The show is based on Jay’s 2010 autobiography, and while it doesn’t go deep on character it is a mine of Osmonds facts and period nostalgia. Like many child stars, the Osmonds had a domineering, perfectionist parent – their father, George (Charlie Allen), who from early childhood would get them up at 4.30am to drill them military-style. The show hints that at different times lead singer Merrill, Wayne and even disciplinarian Alan struggled with this controlling behaviour, and later with jealousy of Donny and Marie, but none of them rebelled against the rigid Osmond creed of faith, family and career. The show depicts no rock-star misbehaviour: frisbeeing pizza into a crowd of fans was as racy as it got, and playing five-a-side footie in a hotel corridor with that other 70s family troupe the Jackson Five (the Jacksons won). This relentless sweetness and comparative lack of narrative tension does make the show drag at times in both acts, which at 74 and 79 minutes are probably over-long. But the momentum always picks up again thanks to flashback scenes featuring frankly adorable child singers Oliver Forde (Alan), Jack Sherran (Merrill), Louis Stow (Wayne), Lonon Johnson (Jay), Nicolas Teixeira (Donny) and Lyle Wren (Jimmy), plus infectiously foot-tapping renditions of the Osmond back catalogue by the adult cast. The whole show is a glorious opportunity to wallow in 70s nostalgia, from the flared jumpsuits and shirts with pointy collars to the television testcard set, all designed by Lucy Osborne.

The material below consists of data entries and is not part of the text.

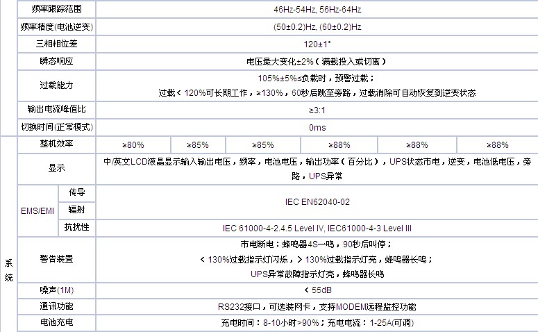 輸出頻率可以根據市電頻率自動設置為50Hz或者60Hz;
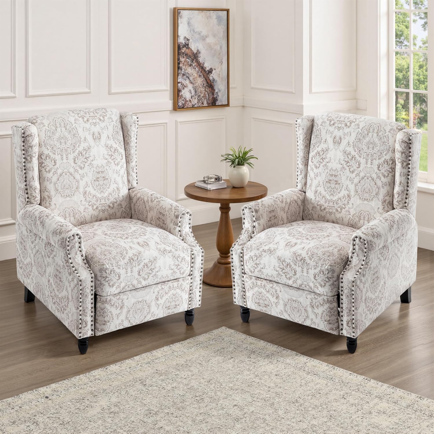 UIXE Recliner Chairs Set of 2, Fabric Upholstered Armchair Pushback Accent Chair for Living Room, Floral Rivet Trim Club Chair Home Theater Single Sofa Bedroom Side Reading Seat - Beige Pattern
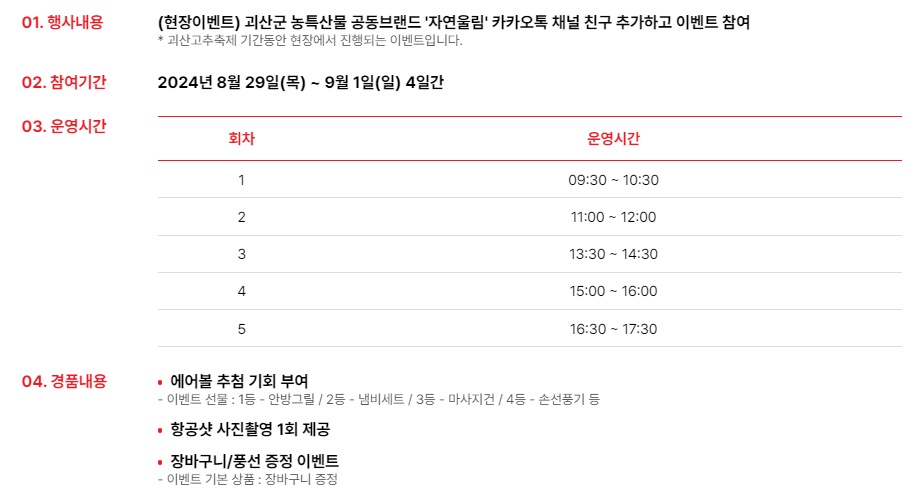 괴산고추축제 자연울림 경품 이벤트

The climax of the show is the family council after the Osmonds discover that they have lost all their money and gone deeply into debt. Director and co-writer Shaun Kerrison has ensured that this scene is one exception to the gentle whitewashing of the rest of the show: it is genuinely dramatic and hard-hitting. Afterwards the production coasts downhill towards reconciliation and reunion, ending with an audience bop-along to a medley of the greatest hits. But who was that dark-haired middle-aged bloke emerging from the wings to perform ‘Crazy Horses’ alongside Lodge? Readers, it was none other than Jay Osmond himself. He co-wrote the show, has followed it round the UK since it opened this year – and he performed live on stage at New Wimbledon Theatre. I’m star struck.